*** Begin section ***

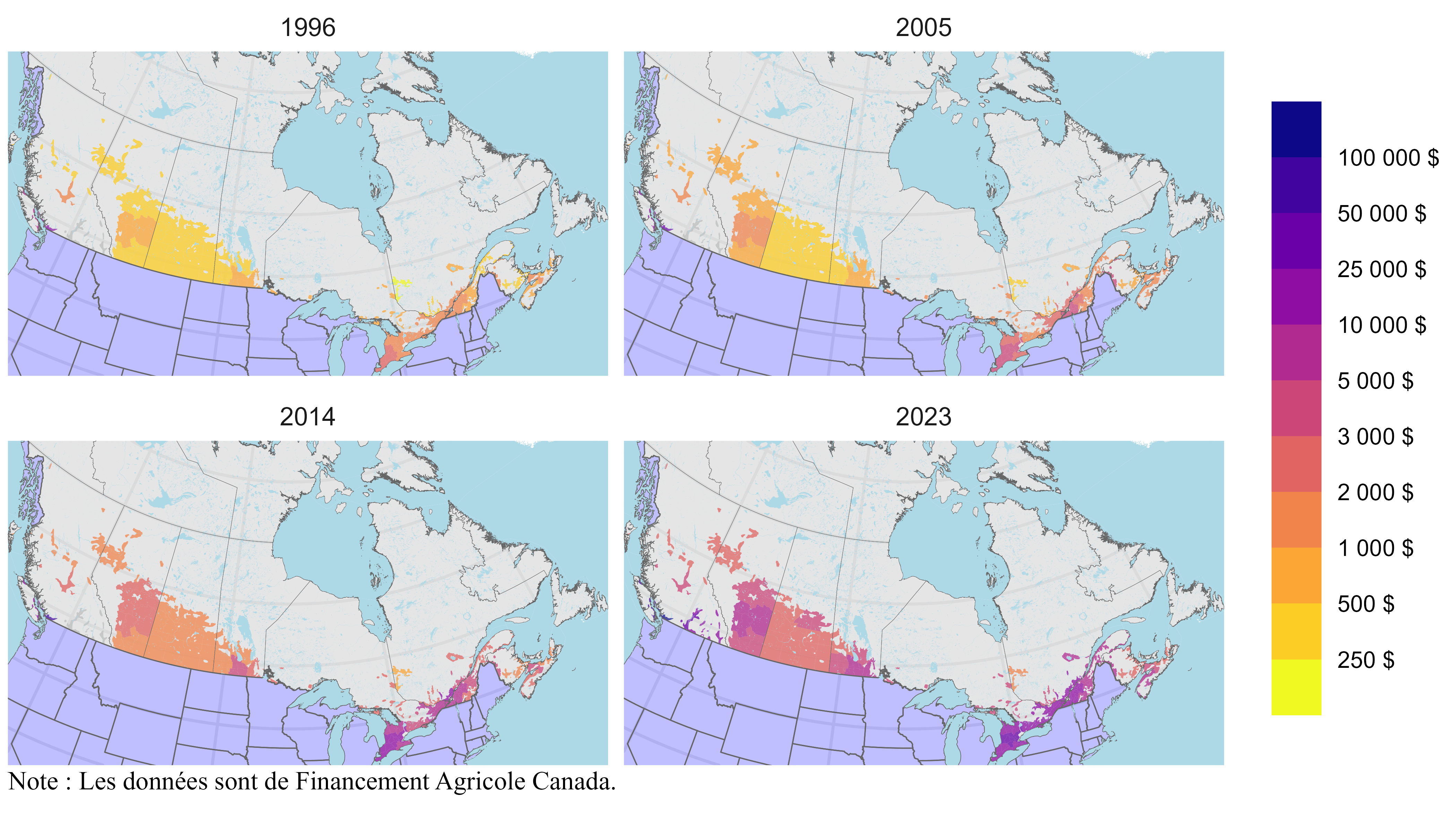 La Figure 2 montre les cartes de la valeur des terres agricoles pour 1996, 2005, 2014 et 2023. Au fur et à mesure que la valeur des terres agricoles augmente, la carte s’assombrit. Cela est vrai pour toutes les régions, car la valeur des terres agricoles a augmenté partout. Il y a cohérence dans le temps, les terres les plus chères en 1996 le sont également en 2023. Les terres les plus dispendieuses se trouvent dans la région de Côte-Sud, près de Vancouver, en Colombie-Britannique. Les terres agricoles de cette région ne couvrent qu’une petite surface et sont à peine visibles sur les cartes. Ailleurs, les terres les plus chères se trouvent le long du fleuve Saint-Laurent, près du lac Érié et du lac Ontario, où se trouve la majeure partie de la population canadienne.
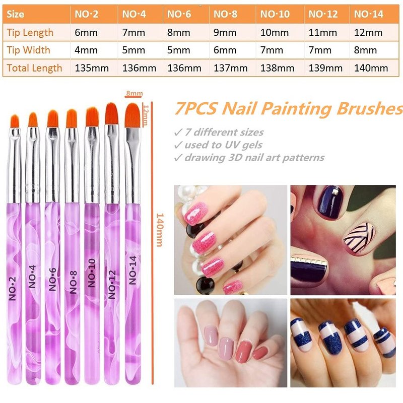 - 【7Pcs/Set Nail Art Brush Kits】 7PCS UV Gel acrylic nail art brushes in 7 different sizes: No. 2 / 4 / 6 / 8 / 10 / 12 / 14. Made of Acrylic material and quality fiber. The UV gel nail brush is durable and non-deformation, non-corroding. Safe and easy for use. UV Gel Acrylic Nail Brushes used for UV nails and french nails. Nail powder and flakes can be picked by these brushes. You can draw any beautiful painting or 3D painting as you like.
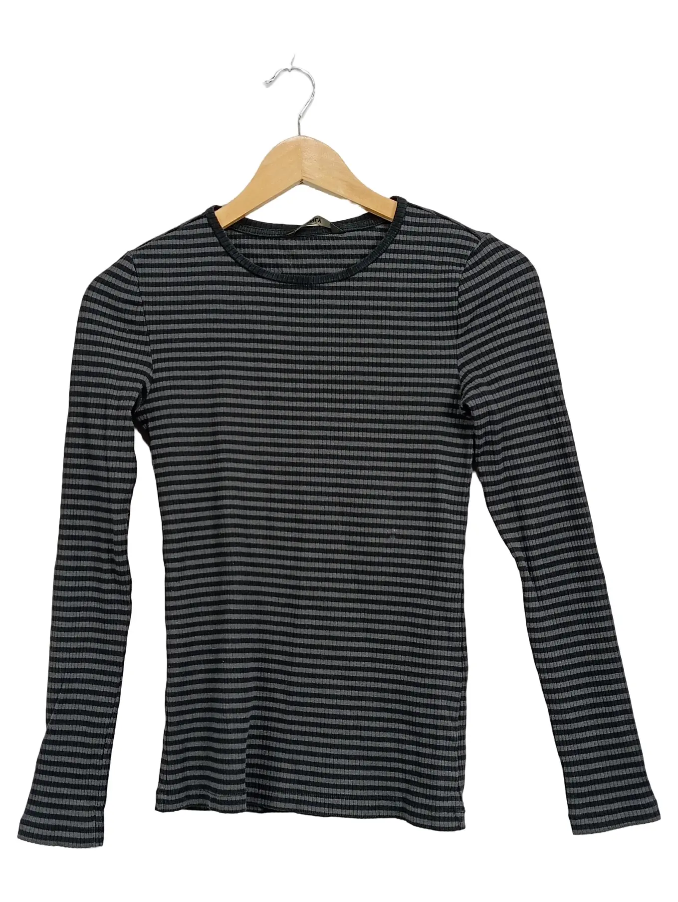 ONLY Langarmshirt Damen Gr. S gestreift schwarz grau Rippstrick Basic
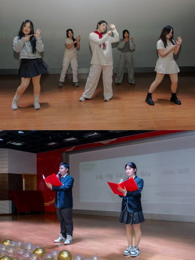 活动在舞蹈社原创开场舞《Kitsch》中拉开帷幕,舞者以动感律动点燃全场。主持人0562401劳世宸、1752401陈菲圆深情阐释“十四五”收官与“十五五”开局的时代意义,呼吁学子以青春之姿扬帆新程。
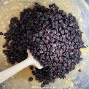 Si vous utilisez un robot, décrochez le bol et munissez-vous d’une spatule. Ajoutez alors les myrtilles (encore surgelés) :
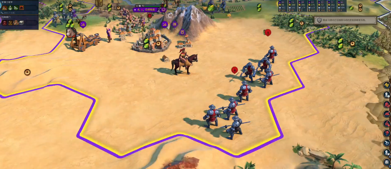 正确使用大将军的关键在于精心的部署而非让他上前线攻击,当你获得一位大将军后,需要将他移动到你的陆军部队附近,其光环会自动生效,覆盖周围两个单元格内的符合条件的陆军单位,这通常能增加这些单位的攻击力和移动力,在准备进行关键战斗,比如围攻一座敌方城市或发起一场野外决战前,你应该提前将大将军安全地移动到前线附近,让他的光环覆盖尽可能多的主力部队,从而使你的军事行动如虎添翼。所有陆军统帅都被认为是需要优先招募的伟人,因为他们的增益对于军事扩张和征服胜利至关重要,能够直接影响战局的走向。

*** End section ***

* **Work required**: All the material shown above is to be copied exactly, with no pictures carried over.

* **Answer box**:
 La Figure 2 montre les cartes de la valeur des terres agricoles pour 1996, 2005, 2014 et 2023. Au fur et à mesure que la valeur des terres agricoles augmente, la carte s’assombrit. Cela est vrai pour toutes les régions, car la valeur des terres agricoles a augmenté partout. Il y a cohérence dans le temps, les terres les plus chères en 1996 le sont également en 2023. Les terres les plus dispendieuses se trouvent dans la région de Côte-Sud, près de Vancouver, en Colombie-Britannique. Les terres agricoles de cette région ne couvrent qu’une petite surface et sont à peine visibles sur les cartes. Ailleurs, les terres les plus chères se trouvent le long du fleuve Saint-Laurent, près du lac Érié et du lac Ontario, où se trouve la majeure partie de la population canadienne.
 - 【7Pcs/Set Nail Art Brush Kits】 7PCS UV Gel acrylic nail art brushes in 7 different sizes: No. 2 / 4 / 6 / 8 / 10 / 12 / 14. Made of Acrylic material and quality fiber. The UV gel nail brush is durable and non-deformation, non-corroding. Safe and easy for use. UV Gel Acrylic Nail Brushes used for UV nails and french nails. Nail powder and flakes can be picked by these brushes. You can draw any beautiful painting or 3D painting as you like.
 ONLY Langarmshirt Damen Gr. S gestreift schwarz grau Rippstrick Basic
 活动在舞蹈社原创开场舞《Kitsch》中拉开帷幕,舞者以动感律动点燃全场。主持人0562401劳世宸、1752401陈菲圆深情阐释“十四五”收官与“十五五”开局的时代意义,呼吁学子以青春之姿扬帆新程。
 Si vous utilisez un robot, décrochez le bol et munissez-vous d’une spatule. Ajoutez alors les myrtilles (encore surgelés) :
 正确使用大将军的关键在于精心的部署而非让他上前线攻击,当你获得一位大将军后,需要将他移动到你的陆军部队附近,其光环会自动生效,覆盖周围两个单元格内的符合条件的陆军单位,这通常能增加这些单位的攻击力和移动力,在准备进行关键战斗,比如围攻一座敌方城市或发起一场野外决战前,你应该提前将大将军安全地移动到前线附近,让他的光环覆盖尽可能多的主力部队,从而使你的军事行动如虎添翼。所有陆军统帅都被认为是需要优先招募的伟人,因为他们的增益对于军事扩张和征服胜利至关重要,能够直接影响战局的走向。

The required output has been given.